(Dataset records)
• • • • • • •

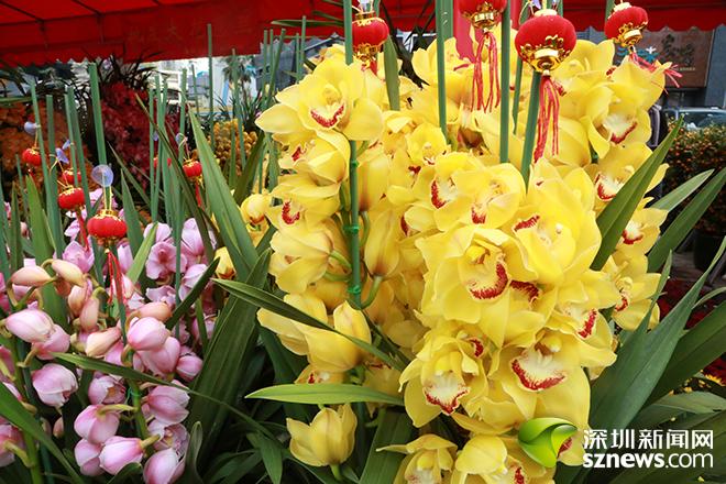 記者看到,花市現(xiàn)場(chǎng)各類(lèi)鮮花嬌艷欲滴,有吉祥如意的年桔、大富大貴的黃金果、花姿優(yōu)美的蝴蝶蘭、嬌艷欲滴的郁金香等。各類(lèi)年貨商品琳瑯滿目,金魚(yú)、長(zhǎng)壽龜也為花市增添了不少生氣。不少市民帶著家人朋友一起逛花市,精心挑選年花年桔和春聯(lián)年貨。
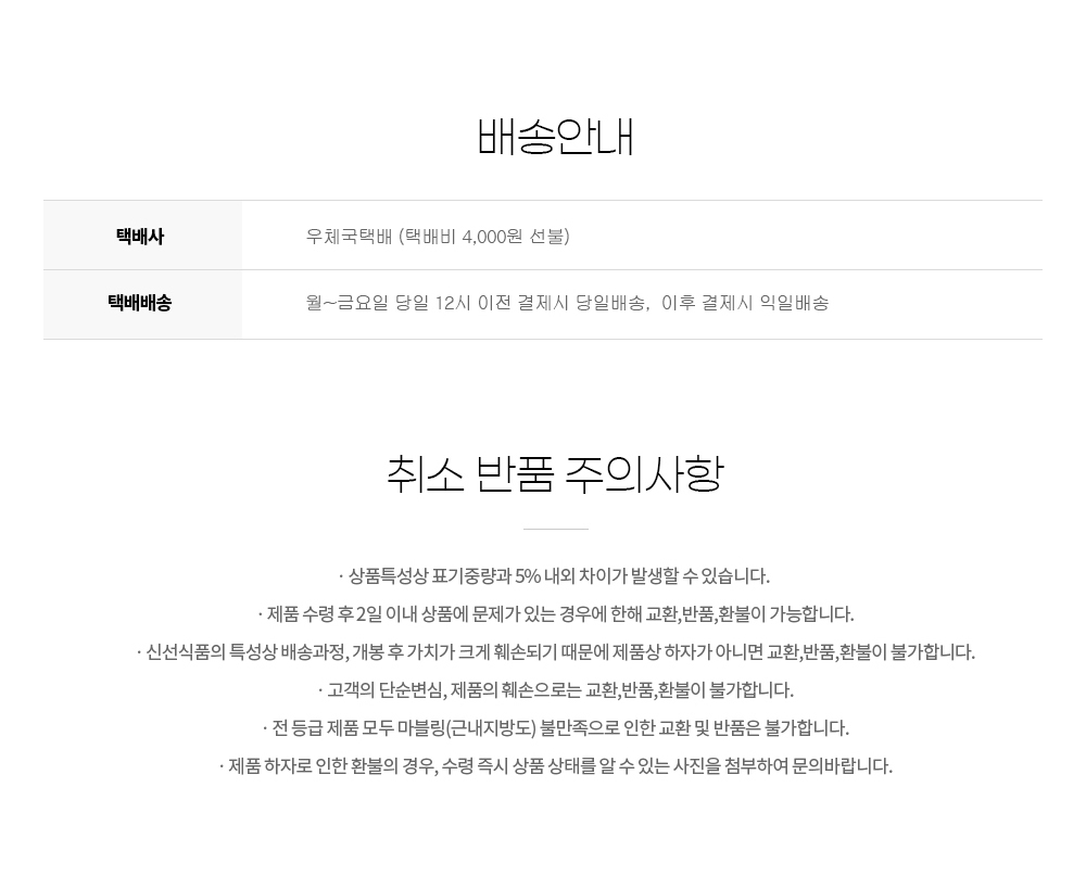 -신선식품의 특성상 배송과정, 개봉 후 가치가 크게 훼손되기 때문에 제품상 하자가 아니면 교환, 반품, 환불이 불가합니다.
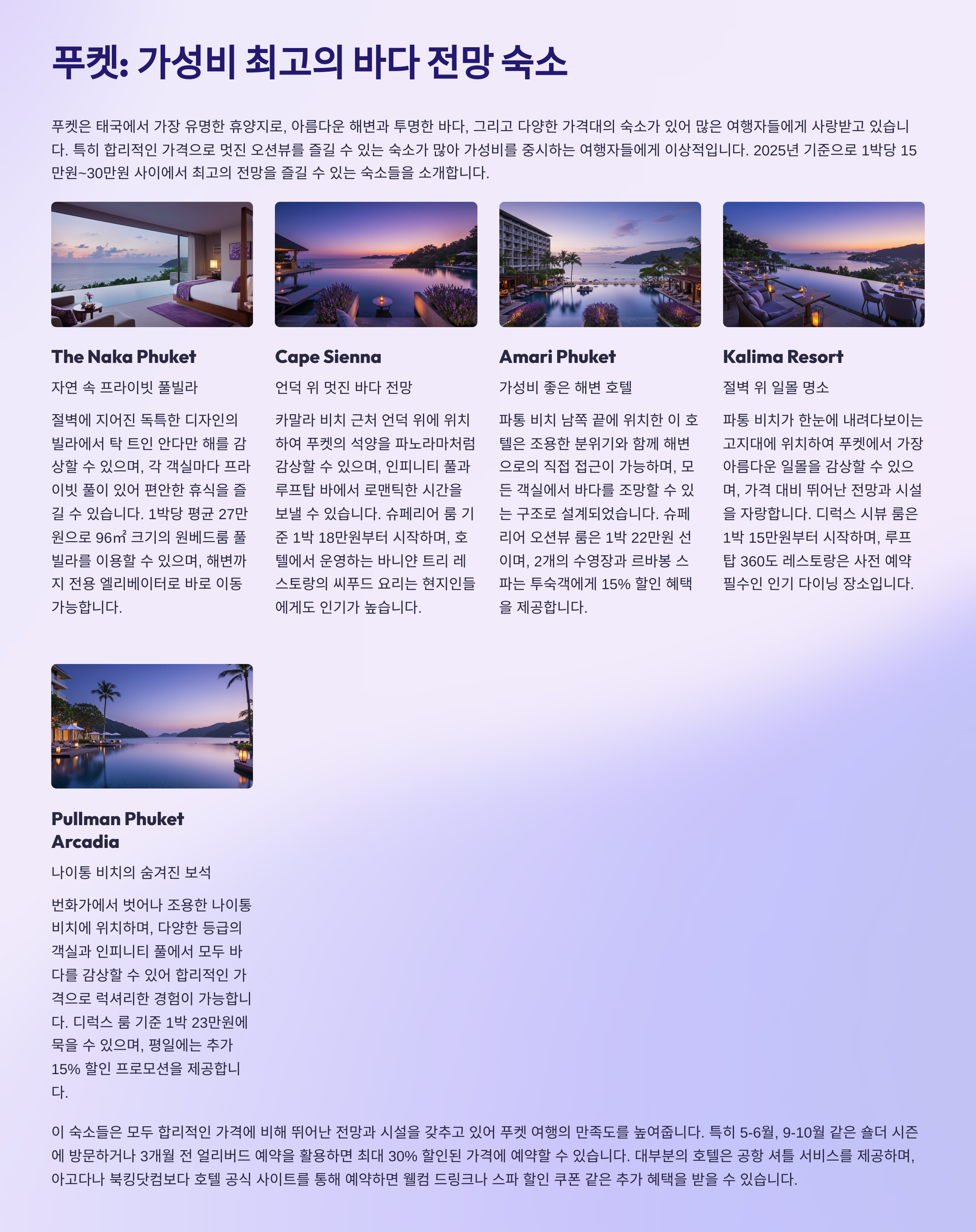 태국 푸켓은 상대적으로 저렴한 비용으로도 훌륭한 오션뷰 숙소를 찾을 수 있는 곳입니다. 저렴하면서도 럭셔리한 분위기를 갖춘 호텔들을 소개합니다.
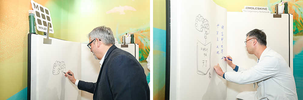 《嘿,一起走——与照护同行》自开放以来,获得大量公众关注。MOLESKINE在展览中设置了一本巨型笔记本,供观众驻足、阅读与记录。23日的现场共创仪式成为一场“让书写真实发生”的互动。参展代表与嘉宾在没有预设主题的情况下,在MOLESKINE巨型笔记本上留下所感所想,让此次联名的内涵继续生长。书写,在现场自然发生;灵感,在空间中生根发芽。
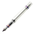 TWSBI Vac 700R Fountain Pen. Clear-barrelled vacuum-filling fountain pen. Beautiful iridescent iris coloured grip section, trim and pocket clip. TWSBI logo finishes the top of the cap nicely.
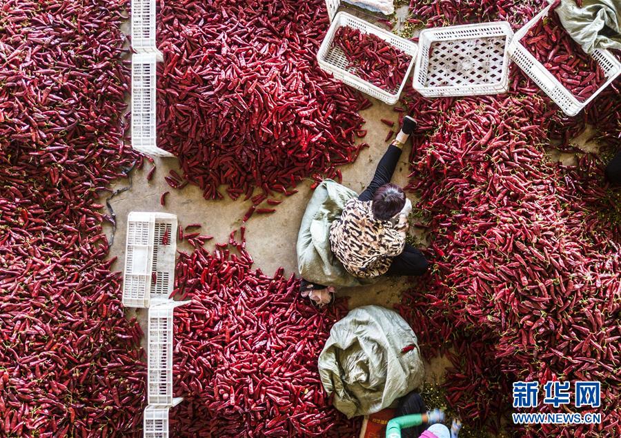 9月16日,阜城縣王集鄉(xiāng)南張莊村農(nóng)民在整理收獲的辣椒。近年來,河北省阜城縣王集鄉(xiāng)在推進產(chǎn)業(yè)富民過程中,積極引導農(nóng)民調(diào)整農(nóng)業(yè)產(chǎn)業(yè)結(jié)構(gòu),按照品種特色化、種植規(guī)?;a(chǎn)銷一體化的“公司+基地+農(nóng)戶”的經(jīng)營模式,鼓勵農(nóng)民發(fā)展特色辣椒種植,推行“訂單種植”模式,開辟出了一條農(nóng)民創(chuàng)收新路徑。目前,阜城縣王集鄉(xiāng)辣椒種植面積3100余畝,每畝年收益2500元以上,帶動當?shù)剞r(nóng)民實現(xiàn)增收。新華社記者朱旭東攝
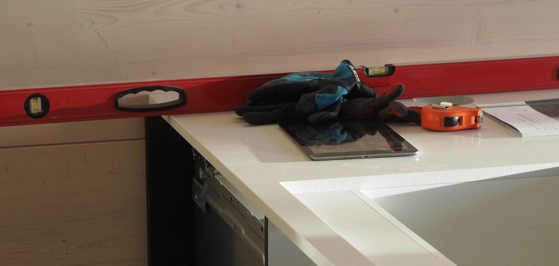 Asensimme paneelit ja heti näkyi, että jotain oli asialle pakko tehdä. Maalasimme paneelit vielä kertaalleen Teknoksen Futura Aqua 20 puolihimmeällä kalustemaalilla, sävy NCS-S0502-Y. Ei lopputuloksesta vieläkään aivan moitteeton tullut, mutta siedettävä kuitenkin.

• • • • • • •

Nothing but the lines from the start of the records above through the line with "태국 푸켓은 상대적으로" should be retyped, each exactly as written; leave out all pictures.

 記者看到,花市現(xiàn)場(chǎng)各類(lèi)鮮花嬌艷欲滴,有吉祥如意的年桔、大富大貴的黃金果、花姿優(yōu)美的蝴蝶蘭、嬌艷欲滴的郁金香等。各類(lèi)年貨商品琳瑯滿目,金魚(yú)、長(zhǎng)壽龜也為花市增添了不少生氣。不少市民帶著家人朋友一起逛花市,精心挑選年花年桔和春聯(lián)年貨。
 -신선식품의 특성상 배송과정, 개봉 후 가치가 크게 훼손되기 때문에 제품상 하자가 아니면 교환, 반품, 환불이 불가합니다.
 태국 푸켓은 상대적으로 저렴한 비용으로도 훌륭한 오션뷰 숙소를 찾을 수 있는 곳입니다. 저렴하면서도 럭셔리한 분위기를 갖춘 호텔들을 소개합니다.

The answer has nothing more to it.